Materials and Methods
Plant Materials
We examined the association between FL and floral anatomy using 13 Paphiopedilum species and 5 Cypripedium species. The ecological characteristics, habitats, growth forms, and phenological periods of the 18 species are listed in Supplementary Table 1. The Paphiopedilum species were grown in a greenhouse at the Kunming Botanical Garden (102°410′E, 25°01′N; elevation 1,990 m). The growth conditions included an air temperature of 20–25°C during the day and 10–15°C at night and 60–70% relative air humidity.
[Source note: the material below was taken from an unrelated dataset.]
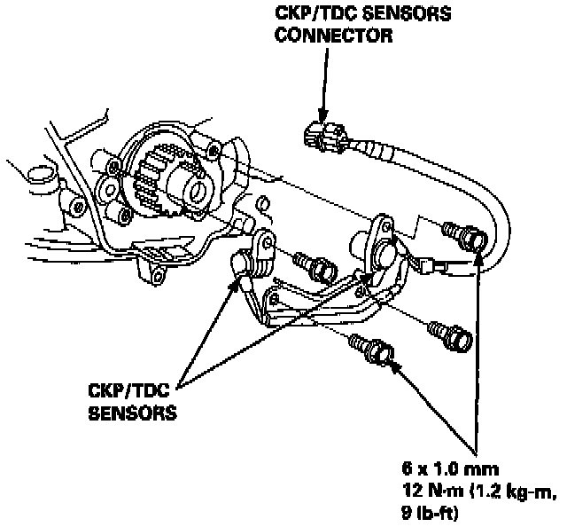 12. Disconnect the CKP/TDC sensors connector, then remove the CKP/TDC sensors.
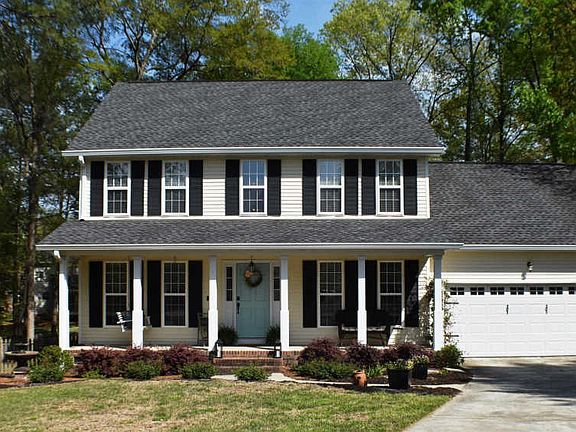 A fantastic layout! This beautifully maintained 4 bedroom, 2.5 bathroom house is so well designed and so comfortable that it will make you want to move in and never leave home. The property has tremendous curb appeal; it sits on a large cul de sac lot and has a charming front porch. Itâs also attractively landscaped and has a sizable, partially wooded back yard. A screened-in back porch, oversized deck, and a pretty stone patio create an idyllic setting for entertaining or relaxing. The interior of the home is just as welcoming. Warm wooden floors carry throughout the first floor living areas. There is a formal living room that would also be an excellent office space, with its lovely mullioned French doors. There is also a spacious formal dining room. A stunning kitchen with granite counter tops, a center island, and pretty white cabinetry is open to a large great room with an equally stunning fireplace. There are two different staircases that lead upstairs to 4 generously sized bedrooms (one is a FROG with a large walk-in closet). The master bedroom has an elegant en suite bathroom with a separate garden tub and shower, plus a walk-in closet. The house is chock full of storage options, including access to the attic and rafters.

The Cypripedium species were grown at the Shangrila Alpine Botanical Garden (99°50′E, 27°48′N; elevation 3,260 m). The growth conditions included an air temperature of 15–24°C during the day and approximately 10°C at night and a relative air humidity ranging from 60 to 80% during the growing season.
Floral Longevity
To investigate the FL of a single flower from each species of Paphiopedilum and Cypripedium, we randomly marked 3–20 newly emerged floral buds per species. Their individual flower opening and wilting dates were recorded throughout the flowering period. Each floral bud was sampled from a separate plant. The individual flower was identified as “opening” when the dorsal sepal rose and the visiting insects could enter the lip. The individual flower was regarded as “wilting” when the lip began to discolor, wilt, or was eaten by herbivores, resulting in the individual flower losing its ability to be pollinated (Sugiura et al., 2001; Zhang et al., 2017).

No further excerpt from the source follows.